Task brief: Reproduce the whole of the records exactly, and make sure no picture is carried into the result.

━━ Data excerpts

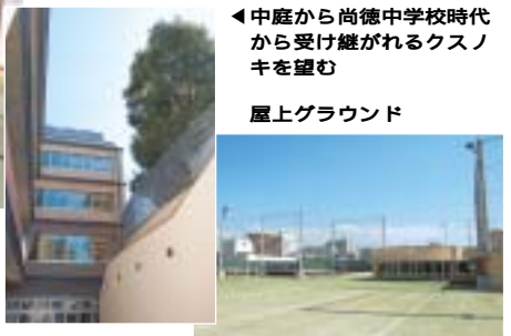
◀中庭から尚徳中学校時代から受け継がれるクスノキを望む
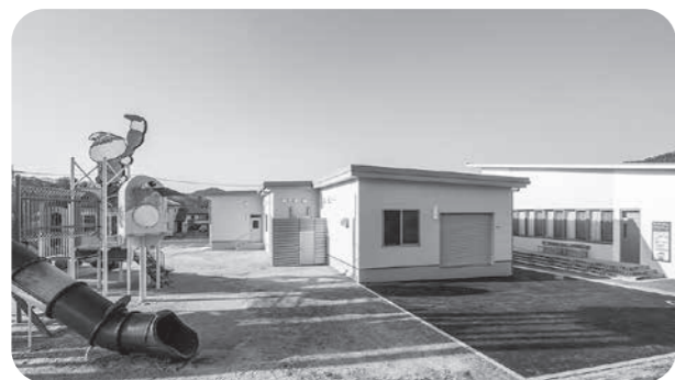
▲旧くまの・みらい交流館横に隣接する施設で、住民からの要望が多かった屋外トイレも設置されています。
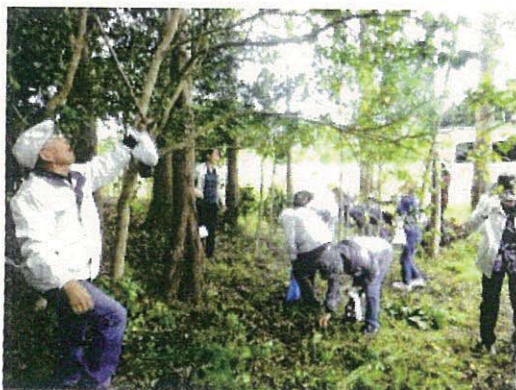
戸倉では沢山とれたかな!?
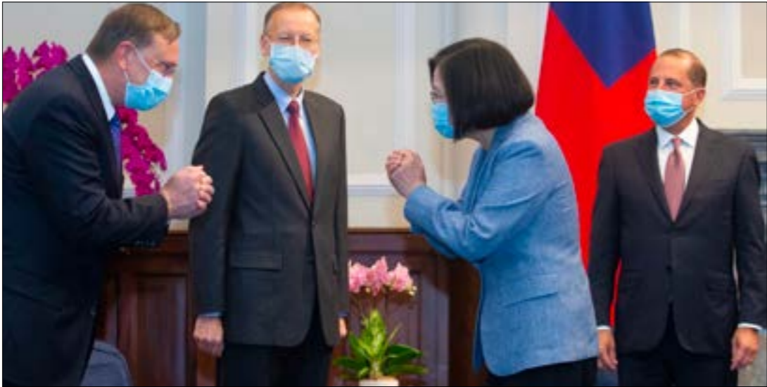
تزامنت زيارة عازار إلى تايبيه مع اعلان بكين عقوبات طالت 11 أميركياً

علاقاتها الدبلوماسية بتايبيه عام 1979 واعترفت بسيادة بكين عليها، بالديموقراطية التي تتمتع بها، ونجاحها في مواجهة وباء «كورونا» وذلك أثناء لقاء جمعه برئيسة الجزيرة، تساي انغ وين، يوم أمس. ولدى سؤاله عن غضب الصين حيال هذه الزيارة، قلل عازار
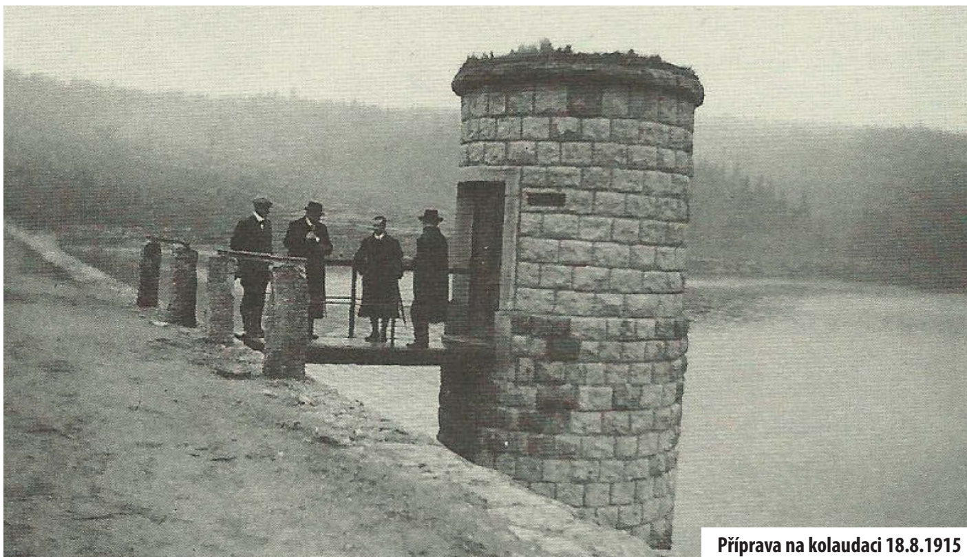
Příprava na kolaudaci 18.8.1915

Jedny z posledních snímků napouštění přehrady na Bílé Desné. Její kapacita měla činit 400 tis. m 3 vody, v době neštěstí byla přehrada napuštěna zhruba ze \frac{3}{4} , to znamená, že v ní bylo přibližně 290 tis. m 3 . Na snímku jsou členové Vodního družstva pro stavbu přehrady na Desné.
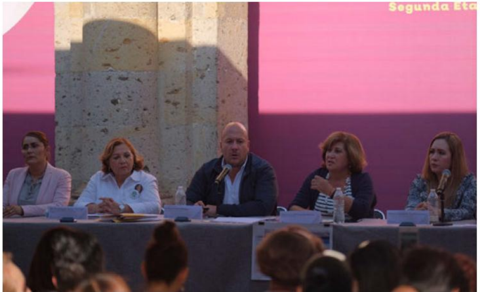
El gobernador Enrique Alfaro anunció la segunda etapa de la estrategia.

Además, han sido inhumadas 167 personas con archivos y traza-
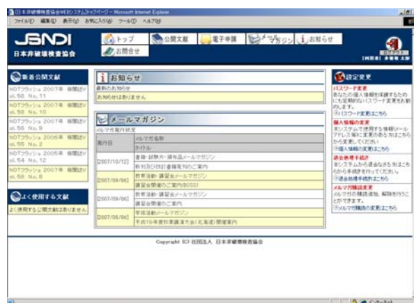
図3 WEB システム（個人）ページ
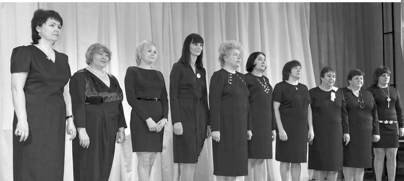
Хор учителей школы №1.

7 марта педагоги и ученики школы №1 посетили военный госпиталь в Екатеринбурге. Для пациентов лечебного учреждения - ветеранов Великой Отечественной войны и участников боевых действий - дети и учителя подготовили праздничную программу, назвав её «С любовью к Вам!».

━━━━

Response below:
◀中庭から尚徳中学校時代から受け継がれるクスノキを望む
▲旧くまの・みらい交流館横に隣接する施設で、住民からの要望が多かった屋外トイレも設置されています。
戸倉では沢山とれたかな!?
تزامنت زيارة عازار إلى تايبيه مع اعلان بكين عقوبات طالت 11 أميركياً

علاقاتها الدبلوماسية بتايبيه عام 1979 واعترفت بسيادة بكين عليها، بالديموقراطية التي تتمتع بها، ونجاحها في مواجهة وباء «كورونا» وذلك أثناء لقاء جمعه برئيسة الجزيرة، تساي انغ وين، يوم أمس. ولدى سؤاله عن غضب الصين حيال هذه الزيارة، قلل عازار
Příprava na kolaudaci 18.8.1915

Jedny z posledních snímků napouštění přehrady na Bílé Desné. Její kapacita měla činit 400 tis. m 3 vody, v době neštěstí byla přehrada napuštěna zhruba ze \frac{3}{4} , to znamená, že v ní bylo přibližně 290 tis. m 3 . Na snímku jsou členové Vodního družstva pro stavbu přehrady na Desné.
El gobernador Enrique Alfaro anunció la segunda etapa de la estrategia.

Además, han sido inhumadas 167 personas con archivos y traza-
図3 WEB システム（個人）ページ
Хор учителей школы №1.

7 марта педагоги и ученики школы №1 посетили военный госпиталь в Екатеринбурге. Для пациентов лечебного учреждения - ветеранов Великой Отечественной войны и участников боевых действий - дети и учителя подготовили праздничную программу, назвав её «С любовью к Вам!».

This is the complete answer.